In an acute-angled triangle ABC, the heights of AA1 and BB1 intersect at point O, a) prove that angle BAO
In an acute-angled triangle ABC, the heights of AA1 and BB1 intersect at point O, a) prove that angle BAO = angle BCO b) find the angles of triangle ABC if angle BCO = 28 degrees, and angle ABB1 = 44 degrees
Let’s build the height CC1.
By the property of the heights of the triangle, they intersect at one point, then CC1 passes through point O.
In right-angled triangles AA1B and CC1B, angle B is common.
The sum of the angles (ABA1 + A1AB) = (CBC1 + C1CB) = 90.
Since the angles ABA1 = CBC1, then the angle A1AB = C1CB, which was required to prove.
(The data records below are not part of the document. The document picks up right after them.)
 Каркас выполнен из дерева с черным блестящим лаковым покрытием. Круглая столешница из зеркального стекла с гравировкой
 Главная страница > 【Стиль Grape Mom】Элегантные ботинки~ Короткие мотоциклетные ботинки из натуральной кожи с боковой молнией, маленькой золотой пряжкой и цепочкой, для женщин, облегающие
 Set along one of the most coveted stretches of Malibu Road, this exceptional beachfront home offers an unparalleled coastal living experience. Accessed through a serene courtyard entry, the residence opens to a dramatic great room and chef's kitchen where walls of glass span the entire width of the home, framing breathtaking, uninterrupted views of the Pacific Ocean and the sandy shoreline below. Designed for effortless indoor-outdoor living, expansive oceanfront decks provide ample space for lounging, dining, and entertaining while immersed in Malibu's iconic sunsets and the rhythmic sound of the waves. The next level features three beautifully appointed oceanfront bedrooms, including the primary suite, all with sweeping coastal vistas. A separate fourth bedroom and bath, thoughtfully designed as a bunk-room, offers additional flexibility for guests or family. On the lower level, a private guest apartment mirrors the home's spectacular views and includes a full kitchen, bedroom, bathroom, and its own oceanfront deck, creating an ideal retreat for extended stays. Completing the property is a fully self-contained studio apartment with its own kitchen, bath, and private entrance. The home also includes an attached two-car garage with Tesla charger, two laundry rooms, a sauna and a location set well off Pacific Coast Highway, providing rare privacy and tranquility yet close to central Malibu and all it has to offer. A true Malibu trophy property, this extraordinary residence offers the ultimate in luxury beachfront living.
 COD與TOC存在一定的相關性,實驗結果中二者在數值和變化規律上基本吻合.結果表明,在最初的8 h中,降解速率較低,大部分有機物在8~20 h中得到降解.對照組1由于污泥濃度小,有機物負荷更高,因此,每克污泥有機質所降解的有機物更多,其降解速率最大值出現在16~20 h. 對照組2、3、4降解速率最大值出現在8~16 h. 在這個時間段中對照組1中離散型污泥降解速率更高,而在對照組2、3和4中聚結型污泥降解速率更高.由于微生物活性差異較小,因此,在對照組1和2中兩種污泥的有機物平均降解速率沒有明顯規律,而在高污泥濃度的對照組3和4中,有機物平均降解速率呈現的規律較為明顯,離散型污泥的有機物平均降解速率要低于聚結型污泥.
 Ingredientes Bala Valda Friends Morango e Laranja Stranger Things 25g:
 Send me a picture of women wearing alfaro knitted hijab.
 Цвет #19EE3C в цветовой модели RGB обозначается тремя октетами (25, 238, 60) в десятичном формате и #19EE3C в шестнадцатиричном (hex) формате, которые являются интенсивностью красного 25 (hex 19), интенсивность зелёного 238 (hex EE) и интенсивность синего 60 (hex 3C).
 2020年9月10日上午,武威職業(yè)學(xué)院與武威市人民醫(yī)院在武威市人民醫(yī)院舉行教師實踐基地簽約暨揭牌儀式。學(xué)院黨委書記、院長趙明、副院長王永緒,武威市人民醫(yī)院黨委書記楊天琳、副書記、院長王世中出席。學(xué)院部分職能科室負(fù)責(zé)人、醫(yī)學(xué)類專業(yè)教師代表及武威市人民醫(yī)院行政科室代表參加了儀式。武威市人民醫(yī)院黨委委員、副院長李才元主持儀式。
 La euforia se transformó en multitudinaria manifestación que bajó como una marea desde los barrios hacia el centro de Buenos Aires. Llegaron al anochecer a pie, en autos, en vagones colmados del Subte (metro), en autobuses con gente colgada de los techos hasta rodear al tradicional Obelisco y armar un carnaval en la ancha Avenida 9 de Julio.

In a right-angled triangle ABB1, we determine the value of the angle BAB1.
Angle BAB1 = (90 – 44) = 46.
We have proved that angle ABA1 = BCC1, angle BAA1 = 28, then angle A1AC = BAA1 – BAA1 = 46 – 28 = 18.
Then in a right-angled triangle АА1С the angle АСА1 = 90 – 18 = 72.
Then the angle ABC = (180 – 46 – 72) = 62.
Answer: The angles of the triangle ABC are equal to 46, 72, 62.